--- Material provided Enclosed Below ---

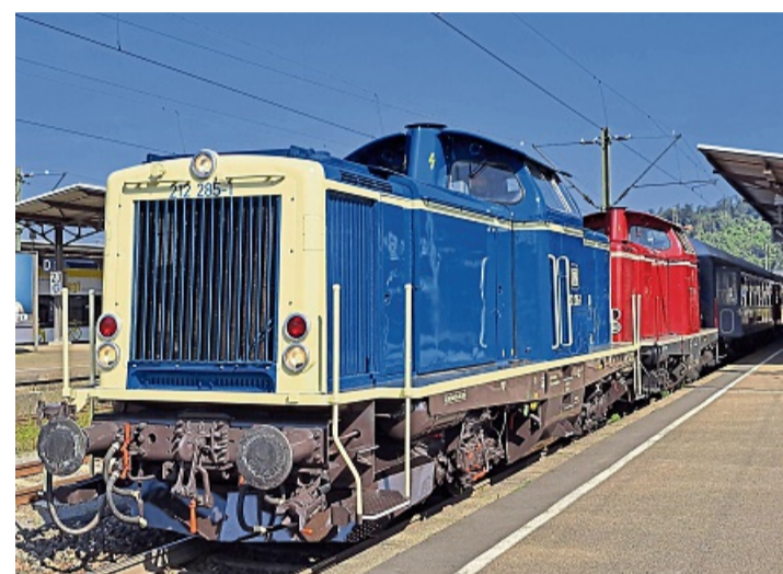
Unterwegs wie früher: Der Verein Eisenbahn-Nostalgiefahrten-Bebra bietet einen Tagesausflug im historischen Sonderzug an.

Hersfeld, Bebra, Melsungen, Kassel-Wilhelmshöhe, Hann. Münden, Witzenhausen Nord und Göttingen. Gezogen wird der Zug von gleich zwei historischen Diesellokomotiven der Baureihe V100. Die eingesetzten Reisezugwagen bieten in der 2. Klasse Plätze auf mit Kunstleder gepolsterten Bänken und in der 1. Klasse auf mit Stoffgepolsterten Sitzen. Fahrkarten sind ab 75 Euro erhältlich.
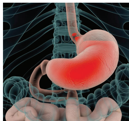
Oft unterschätzt: Die Wichtigkeit von Magensäure

Vektor-HCL hat die Bestell-Nummer 50040, die Zwei-Monatspackung kostet 74,80 €.
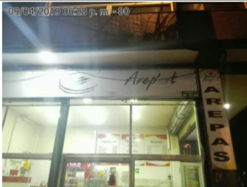
Fotografía panorámica del establecimiento de comercio AREP ART, donde se evidencia los incumplimientos anteriormente descritos.
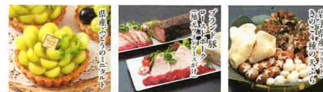
岩手県産アジの きのこの香りの天ぷら アジの刺身 アジの刺身 アジの刺身

2021年、休暇村岩手網張温泉のビュッフェが新しくなりました。 月替わりでご提供する厳選メニューをご堪能ください。
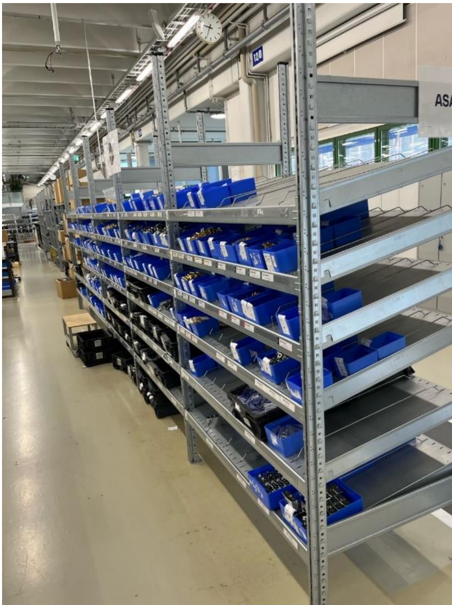
Kuva 4. Kokoonpano-osaston Kanban-hyllyt. Kallistettu hylly tehostaa läpivirtausajatusta. Tämä on perinteisempi läpivirtaushyllymalli. (Kuva: Peetter Härkönen).

Abloylla on käytössä Kanban-hyllyt eli toiselta nimeltään läpivirtaushyllyt (Kuva 4. ja 5.) Kokoonpano-osastolla on käytössä kahta erityyppistä hyllyä. Näitä käytetään useilla eri työpisteillä ja etenkin kokoonpanossa. Hyllyjen täyttö tapahtuu hyllyjen takapuolelta, josta ne läpivirtaavat kokoonpanoa varten. Hyllyjen täyttöä hoitaa Abloyn logistiikkaosasto.
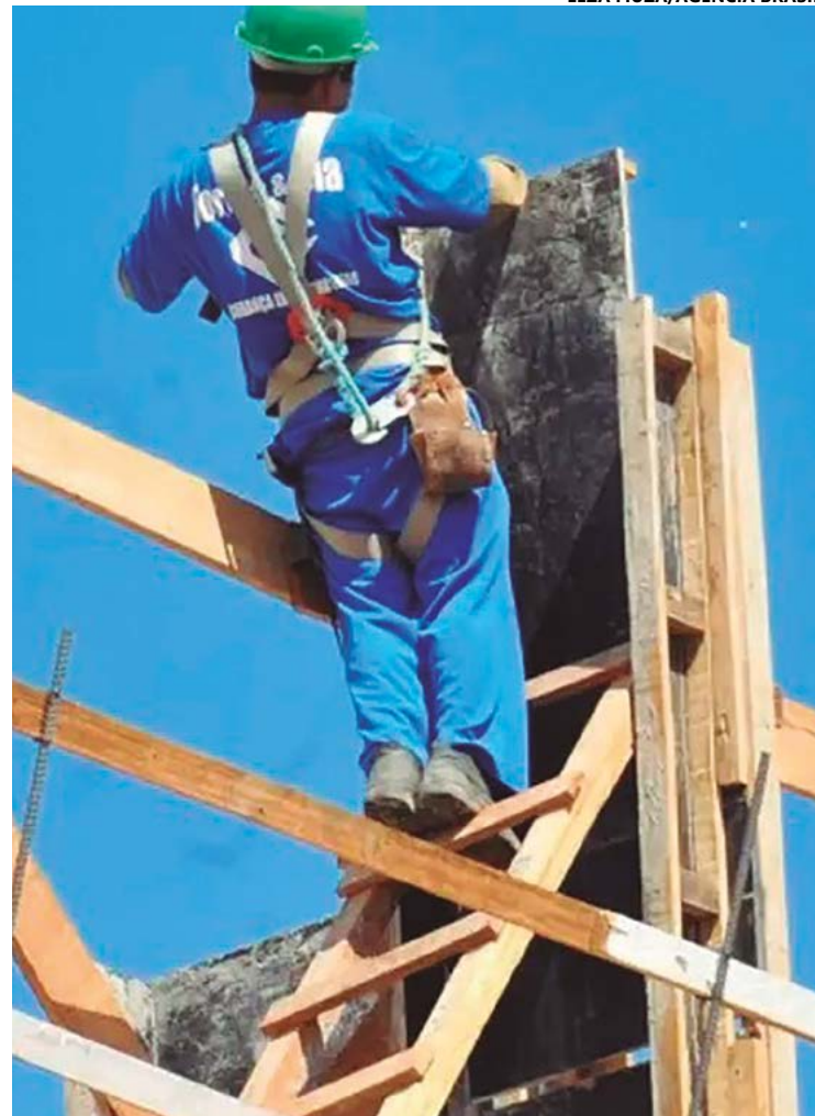
Engenheiro de segurança no trabalho diz que Brasil é o 4º país no ranking mundial desse tipo de acidente, registrado a cada três horas e 40 minutos
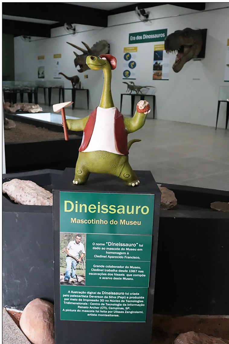
Figura 5 – Exemplo de paleoimageria 57 (lúdica), presente no Museu de Paleontologia “Professor Antonio Celso de Arruda Campos”, 2019.

Foi registrada apenas uma ocorrência de paleoimageria em primeiro nível narrativo (Figura 5), no MPMA, onde o mascote do museu, o Dineissauro, é exibido em um modelo tridimensional dentro de uma vitrine. Em todos os outros casos a paleoimageria foi utilizada apenas como suporte narrativo, sendo categorizado como iconografia de segundo nível.
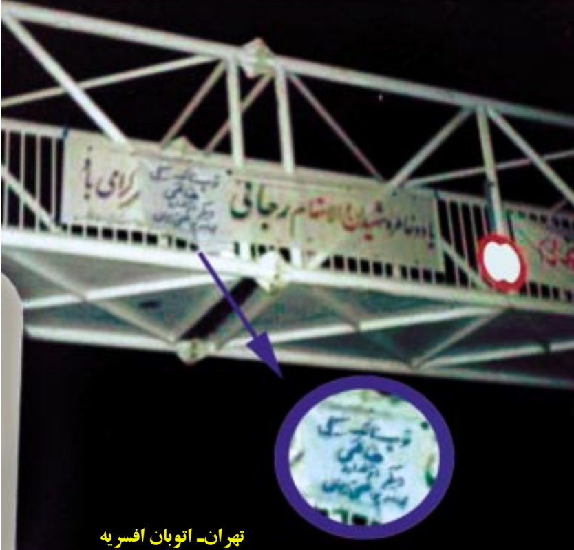
تهران - اتوبان افسریه
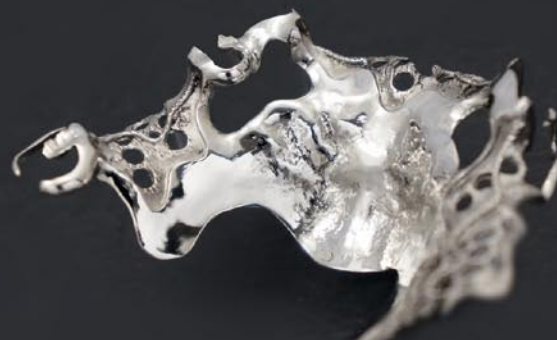
製作：有限会社カナイナビデント 金井孝行氏
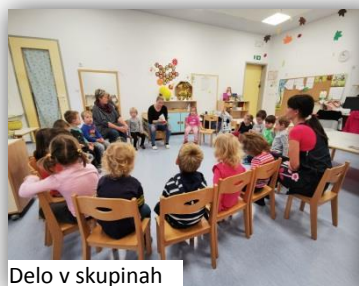
Delo v skupinah

--- End of Enclosed Material provided ---

* Goal of the exercise
What you should return is the exact text of every line from the top of the entries through the line with "2021年、休暇村岩手網張温", pictures removed.

* Task result
Unterwegs wie früher: Der Verein Eisenbahn-Nostalgiefahrten-Bebra bietet einen Tagesausflug im historischen Sonderzug an.

Hersfeld, Bebra, Melsungen, Kassel-Wilhelmshöhe, Hann. Münden, Witzenhausen Nord und Göttingen. Gezogen wird der Zug von gleich zwei historischen Diesellokomotiven der Baureihe V100. Die eingesetzten Reisezugwagen bieten in der 2. Klasse Plätze auf mit Kunstleder gepolsterten Bänken und in der 1. Klasse auf mit Stoffgepolsterten Sitzen. Fahrkarten sind ab 75 Euro erhältlich.
Oft unterschätzt: Die Wichtigkeit von Magensäure

Vektor-HCL hat die Bestell-Nummer 50040, die Zwei-Monatspackung kostet 74,80 €.
Fotografía panorámica del establecimiento de comercio AREP ART, donde se evidencia los incumplimientos anteriormente descritos.
岩手県産アジの きのこの香りの天ぷら アジの刺身 アジの刺身 アジの刺身

2021年、休暇村岩手網張温泉のビュッフェが新しくなりました。 月替わりでご提供する厳選メニューをご堪能ください。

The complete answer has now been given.